(WORK INSTRUCTION):
Whatever lies between the line with "Obsahuje 3 x" and the end of the data, both included, must be copied exactly and without pictures.

(PROVIDED DATA):
- Opening Delimiter -
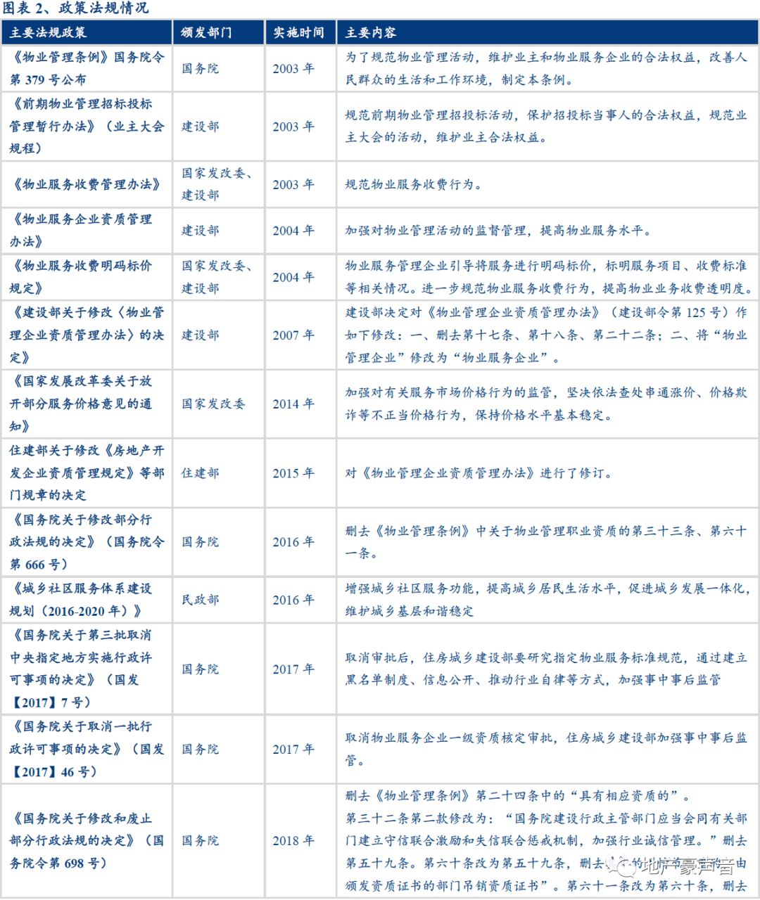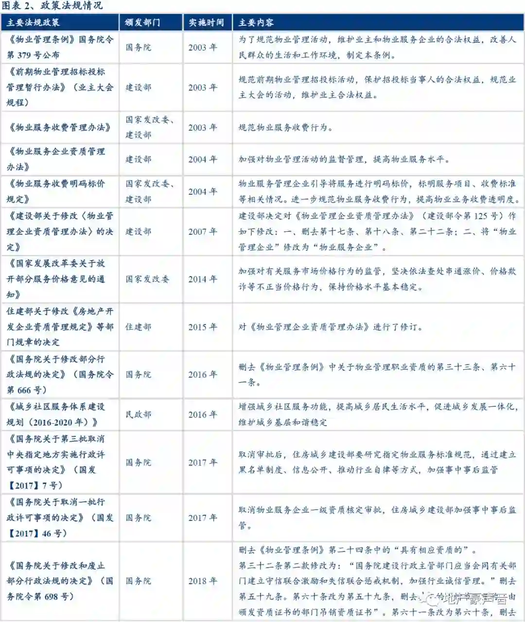 2、政策演变:03年颁布《物业管理条例》,监管趋于市场化,目前行业政策总体偏友善
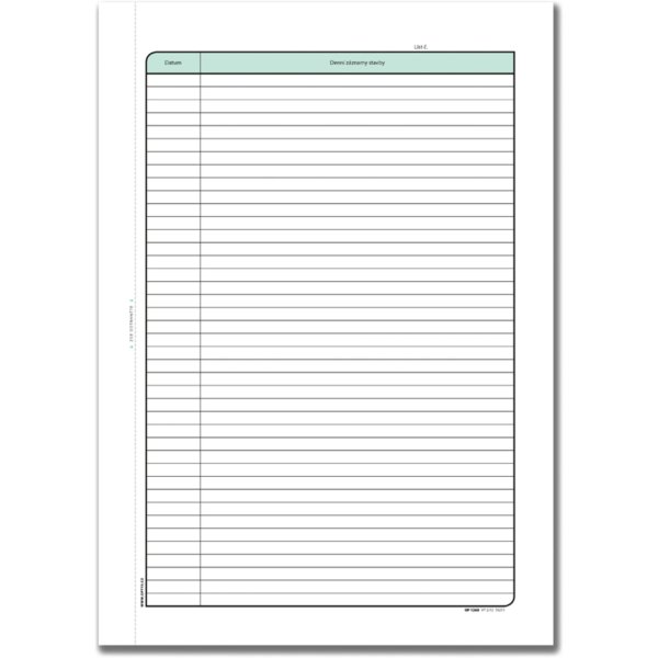 Obsahuje 3 x 15 číslovaných listů pro denní záznamy + 8 listů pro ostatní důležité záznamy
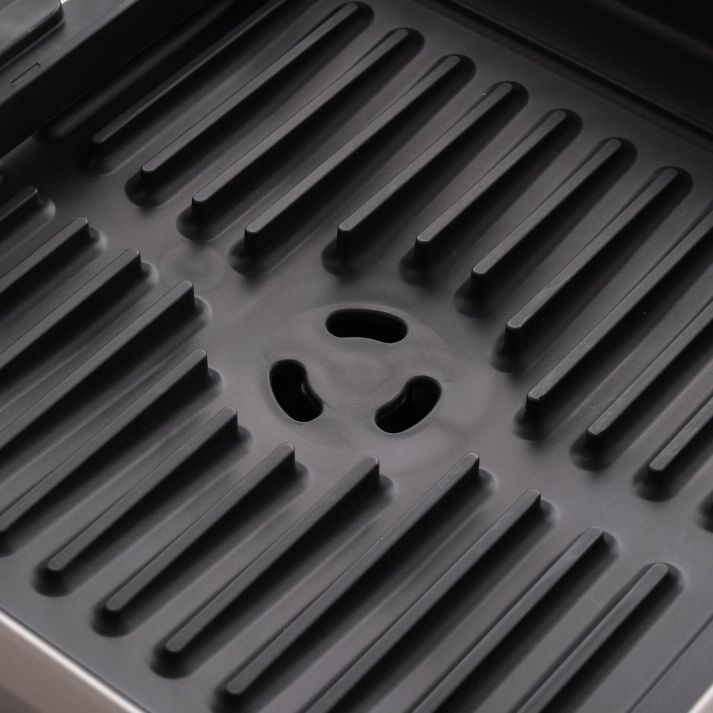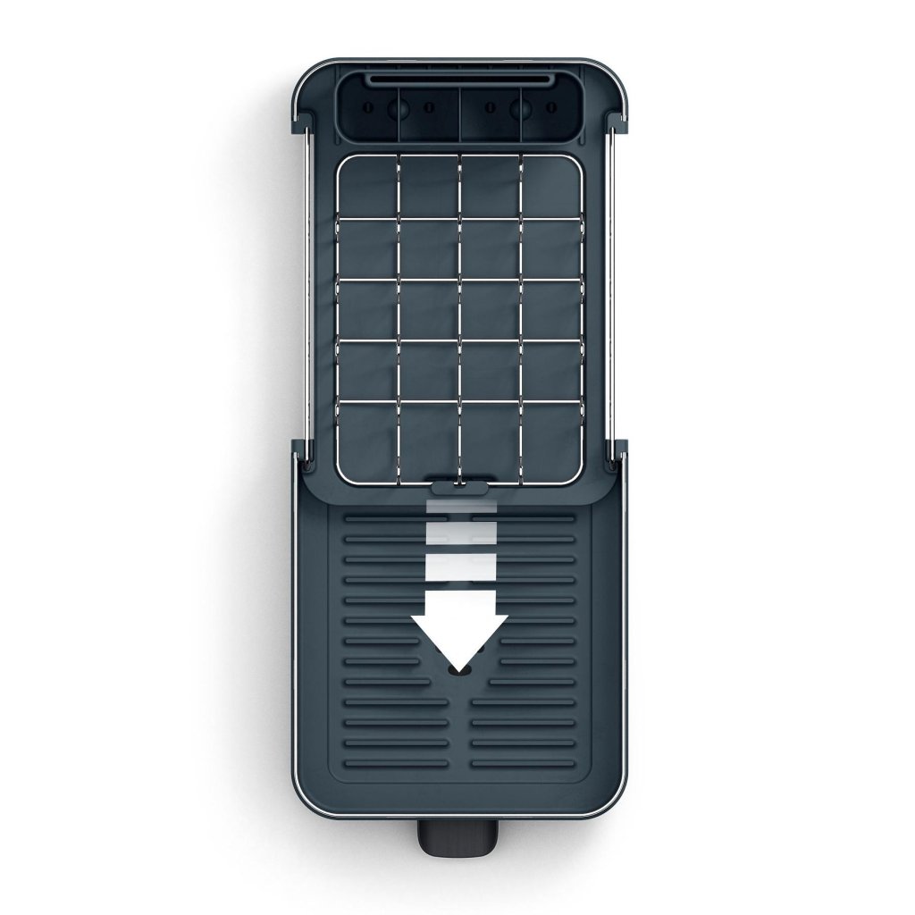 - Pēc trauku nosusināšanas izbīdāmo daļu var ieslidināt atpakaļ, tādējādi žāvētājs paliek kompakts un netraucē uz virtuves darba virsmas.
- Closing Delimiter -
(SOLUTION TO THE EXERCISE):
 Obsahuje 3 x 15 číslovaných listů pro denní záznamy + 8 listů pro ostatní důležité záznamy
 - Pēc trauku nosusināšanas izbīdāmo daļu var ieslidināt atpakaļ, tādējādi žāvētājs paliek kompakts un netraucē uz virtuves darba virsmas.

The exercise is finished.